Ten years ago, at the dawn of the 21st century, it seemed like the economic trajectory of the world was a foregone conclusion: central banks would consolidate into regional monetary unions and regional markets, forming economic blocks similar to Orwell’s Eurasia, Oceania and Eastasia. Meanwhile, the biggest commercial banks would buy up the smaller ones until a tiny cartel of international financial institutions provided virtually all the world’s banking services.
The centuries-old economic institutions told the public that monetary consolidation was enabling us to raise the standard of living, improve public health outcomes, and build wealth for all. They assured the public that a global government, monetary system and single market weren’t being secretly planned within the halls of power, but if those entities did somehow emerge, all the better. The same people running current monetary monopolies would surely be running the next generation of even-more-powerful ones. The cynics who claimed this monetary monopoly would lead to further cronyism, stagflation, unemployment and income inequality were dismissed as conspiracy theorists with no capacity to provide alternative solutions. The public seemed content enough with this status quo. Even as the financial crisis of 2008 began to unfold, there still wasn’t much visible public opposition to the emergence of a comprehensive monetary monopoly being established to operate the globalized economy.

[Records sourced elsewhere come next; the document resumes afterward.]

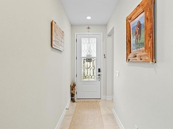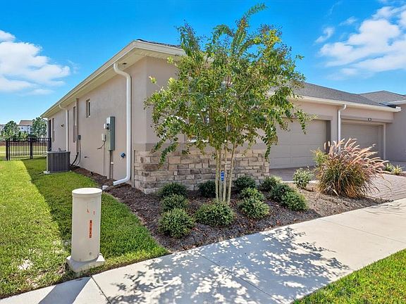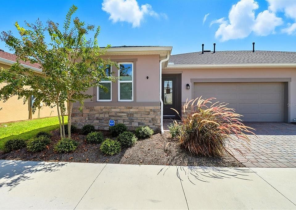 BETTER THAN NEW! LARGE FENCED YARD This 2024 Shea Aria Villa is perfectly positioned in the desirable Ocala Preserve community, which welcomes both 55+ and all age sections. Thoughtfully upgraded, meticulously maintained, and beautifully designed, this home blends comfort, convenience, and lifestyle in one exceptional package. Step through the upgraded obscure glass entry door into a welcoming foyer. To the left, a private guest bedroom and full bath with a tub/shower combination create an inviting quiet retreat from activity in the living space of the villa. Continue down the hall to a versatile den—perfect for an office, fitness room, or hobby space—complete with a spacious closet housing a gas Whirlpool washer and dryer. At the heart of the home, the open-concept kitchen, dining, and living area is both stylish and functional. The kitchen features stainless steel gas appliances, maple cabinetry with dovetail drawers, soft-close hinges, pull-out pans, and gleaming Zanzibar granite countertops. The primary suite is a peaceful retreat with dual sinks, an upgraded tiled shower with glass door, and a custom-designed walk-in closet. Throughout the villa, you’ll find thoughtful finishes such as custom top-down/bottom-up blinds, enhancing light and privacy. A large sliding door opens the living space to a screened lanai, offering serene views of green space and direct access to community walking and biking trails. Prewired for fans and equipped with a gas hookup for your BBQ or firepit, this outdoor space is designed for both relaxation and entertaining. The garage adds even more: sealed driveway pavers, plumbing for a water softener, and a dedicated golf cart outlet. This villa has been smoke-free, pet-free, and exceptionally cared for—offering true move-in readiness. HOA coverage includes exterior painting, schedule power washing, roof, irrigation, lawn care, access to a Tom Lehman–designed golf course and golf center and fishing, catch and release, on a private 7-acre lake. Ocala Preserve Club offers Resort-style living with every convenience at your fingertips. State-of-the-art fitness center & spa locker rooms, Luxury pool and lap pool, full-service spa, Tennis, pickleball, kayaking, and a vibrant calendar of clubs and social activities The community is golf cart–friendly with shopping and dining just outside the gates. Location highlights include: 4 miles to the World Equestrian Center 15 minutes to HITS and Downtown Ocala Quick access to I-75 With no CDD fees (saving thousands annually) and an assumable FHA loan at 5.875%, this home is not only a beautiful retreat but also a smart financial choice. Perfect for full-time living or a seasonal getaway, this better-than-new villa offers the best of Ocala living—move-in ready and waiting for you. All measurements to be verified by buyer.
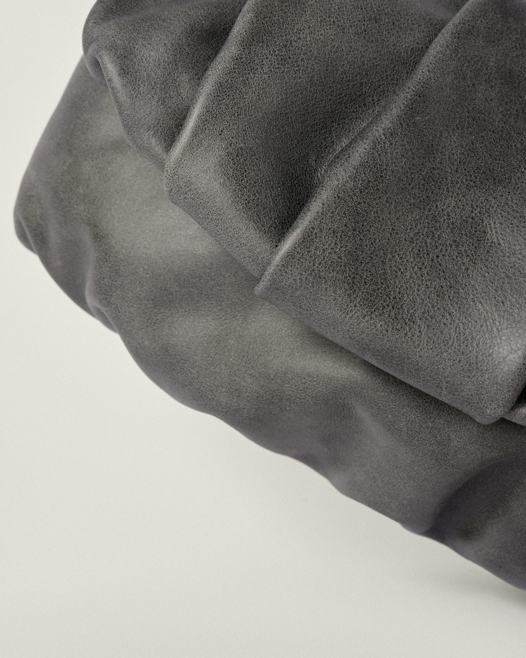 The gathered pleats are carefully handmade by our leather expert artisans.
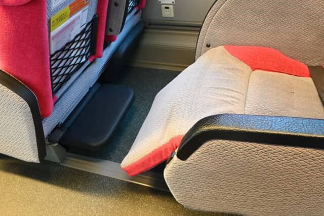 跳ね上げ式のレッグレストは、睡眠時も脚を楽に保てます。さらにフットレストもあるので靴を脱いですごせるのは楽ちんです。※一部の車両や座席ではフットレストが設置されていない場合があります。
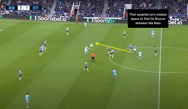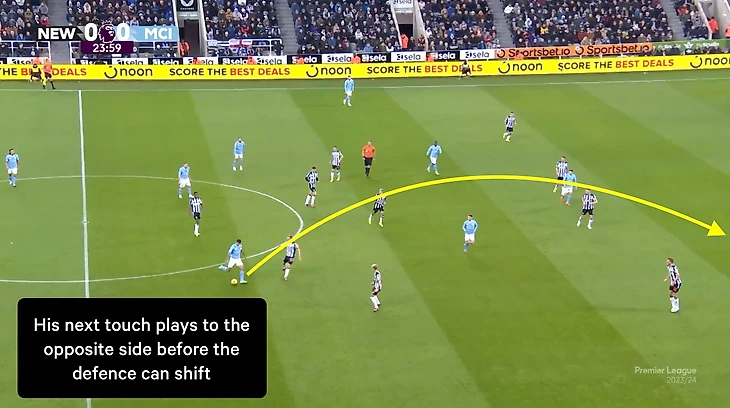 Вот Родри проделывает этот трюк против «Ньюкасла»…

Then, in 2009, something unexpected happened. A new, open-source digital cash system mysteriously appeared on the web. It was called Bitcoin. As people became familiar with its peer to peer architecture and cryptographic properties, they began to realize that a new and very different monetary future was possible. Instead of a top-down, global economic monoculture monopoly run by central and commercial bankers, it became possible to imagine a diverse multiplicity of networked, peer-to-peer financial systems controlled autonomously from the bottom up. For the first time in most people’s lives, a money system that didn’t rely on a nation-state, and its monopoly on violence, became plausible. That vision wasn’t a primitivist one requiring people to go “back to the land” or use gold for money, but a modern one that relied on accessible, open source and highly-sophisticated financial technologies. Bitcoin, and the underlying blockchain database technology that it introduced to the world, created a new hope.